Democratic Republic of Congo
The Democratic Republic of Congo (DRC) is the poised to be one of the world’s most populous countries by 2050, even though it currently has some of the world’s worst life expectancy, educational attainment, and poverty rates. The DRC has multiples humanitarian crises. In some areas, more than 100 armed groups are battling for political control. 4.5 million people have been displaced from their homes and many millions more require humanitarian aid. Ebola has become endemic to the region, with health care workers fighting against the 10th outbreak of the disease. Cholera, measles, and COVID-19 are also spreading through the DRC. Further, a high fertility rate fueled by child marriage and the unmet need for contraception puts women at higher risk of preventable maternal death, fistula, and violence.
UNFPA is providing lifesaving reproductive health care in this complex humanitarian crisis. The main priorities are to provide information and access to family planning services, support survivors of gender-based violence, and work with youth. With adequate aid and support, the situation in the DRC could get better over the next year.
The war in Syria will enter its 10th year in 2021. It is the world’s largest refugee and displacement emergency, with 5.6 million Syrian refugees having fled to Turkey, Lebanon, Iraq, Jordan, Egypt, and elsewhere. Inside the country, the conflict has displaced 6.2 million people from their homes. Half of the people in need of aid are children.
UNFPA is working to address gender-based violence (GBV), including child marriage, which tends to increase during emergencies. Last year, UNFPA provided nearly 1 million people with GBV services. Nearly twice as many people received sexual and reproductive health care. UNFPA also supports 116 women-friendly spaces, where women and girls can build community, receive information and health care, and be safe from violence. A whole generation of Syrians have grown up in conflict, and the COVID-19 crisis only makes the situation worse.
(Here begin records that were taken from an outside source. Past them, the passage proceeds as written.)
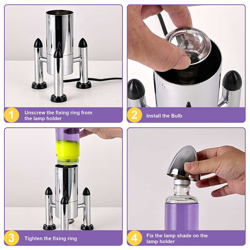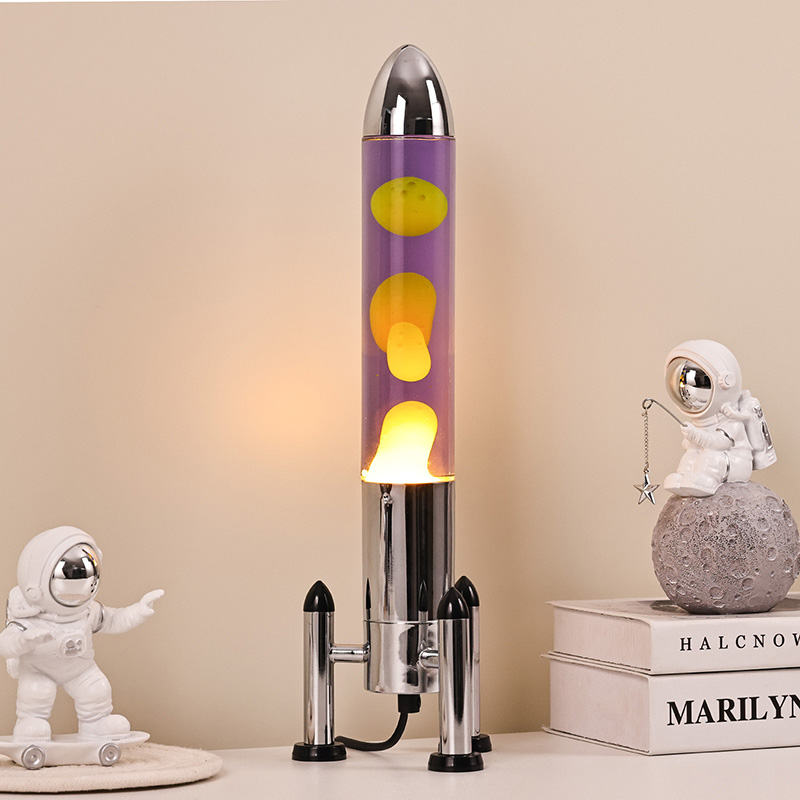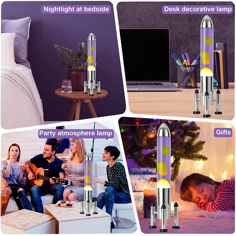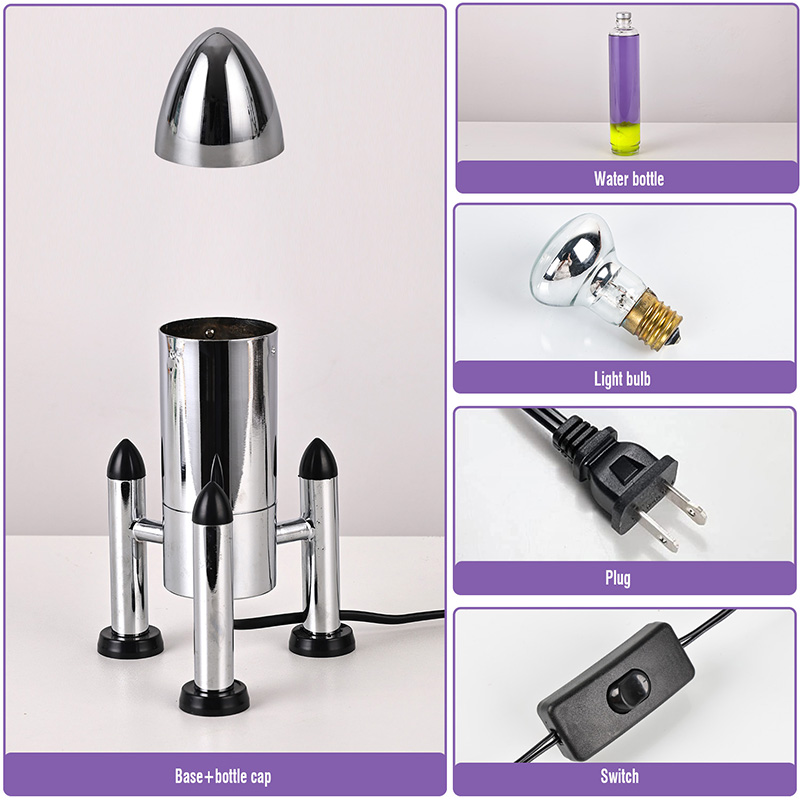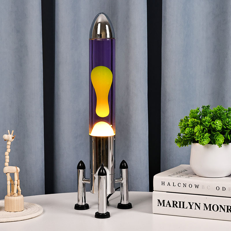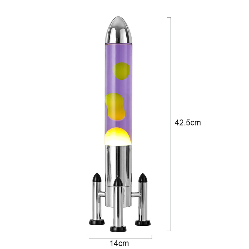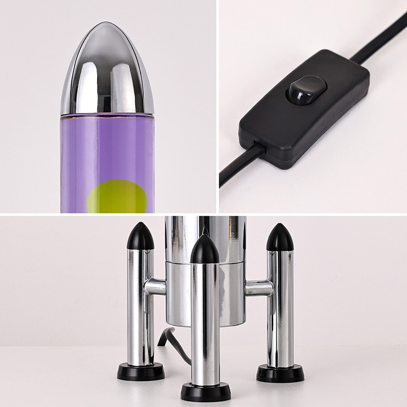 24Vরকেট শেড সহ বড় এলইডি লাভা বাতিতে একটি ক্লাসিক রকেট আকৃতির নকশা রয়েছে, একটি রূপালী ধাতব খোল রয়েছে যার সাথে একটি স্বচ্ছ কাচের বোতলের বডি যুক্ত, সহজ কিন্তু আড়ম্বরপূর্ণ। ভিতরে বেগুনি তরলে হলুদ ভাসে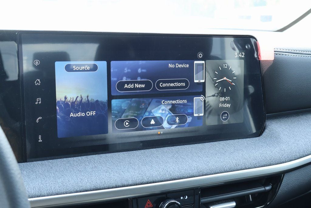 - Radio: NissanConnect w/Hybrid Radio -inc: Bose premium series audio system w/10 speakers (2 instrument panel corners, 2 A-pillar, 2 front door, 2 rear door), Richbass subwoofer, 12.3" color touch-screen display, wireless Apple CarPlay, wireless Android Auto, 2 front and 2 rear USB type-C charge and data, Google built-in w/Google Assistant, Google Maps and Google Play, NissanConnect services powered by SiriusXM, SiriusXM w/360L, in-vehicle data, Wi-Fi hotspot, Alexa built-in and basic voice control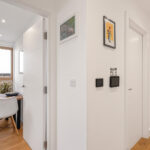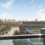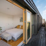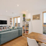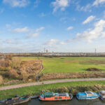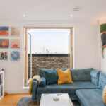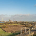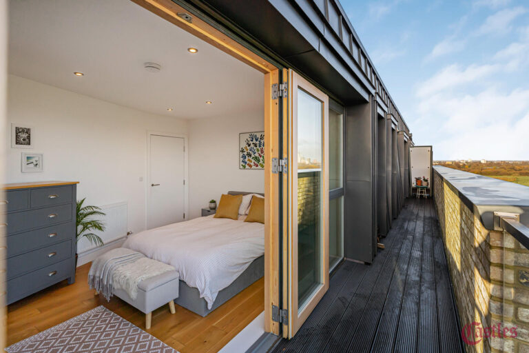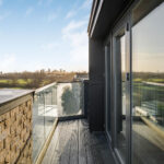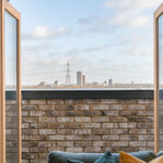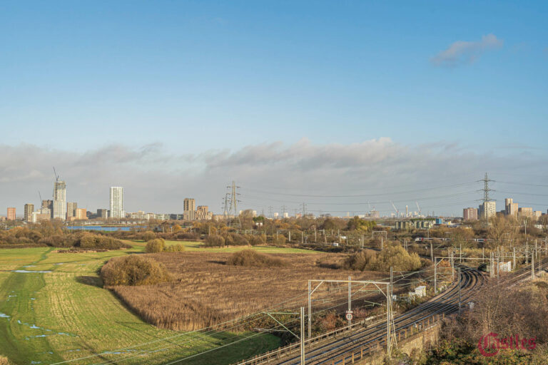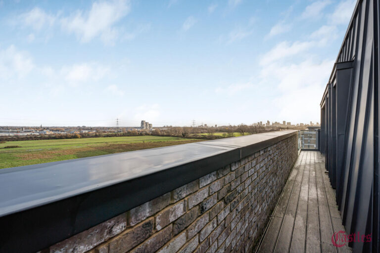 - Full-width private balcony with panoramic views of Walthamstow Marshes

UNFPA has appealed for $131.6 million in aid for 2021 to address the crisis.
Sudan and Ethiopia
Both countries face separate emergencies due to internal conflict, rapid population growth, the high cost of food, and COVID-19. However, in the last months of 2020, tens of thousands of Ethiopian refugees have escaped this developing humanitarian emergency by fleeing to Sudan. Nearly half of the refugees are children and many arrived with few belongings. Over 100 women will give birth within the next month. However, their displacement makes it even more challenging for UNFPA and other organizations to reach them with safe delivery care.
UNFPA is working to strengthen reproductive health services along the Sudan-Ethiopia border by increasing support for GBV care, providing psychosocial counseling, and is trying to reunite families that have separated during their displacement. UNFPA predicts that the number of refugees could double to 100,000 in the coming months if the situation in Ethiopia does not stabilize.
Moving forward from the humanitarian emergencies of 2020
Each and every humanitarian crisis in 2020 was complex and required aid organizations, governments, and communities to cooperate to meet the needs of vulnerable people. Sadly, these organizations rarely prioritize sexual and reproductive health care during emergencies. However, women do not stop giving birth during emergencies. Women and girls do not stop menstruating. Survivors of GBV do not stop needing care. Your support helps UNFPA ensure that every person has access to lifesaving reproductive health care, no matter what.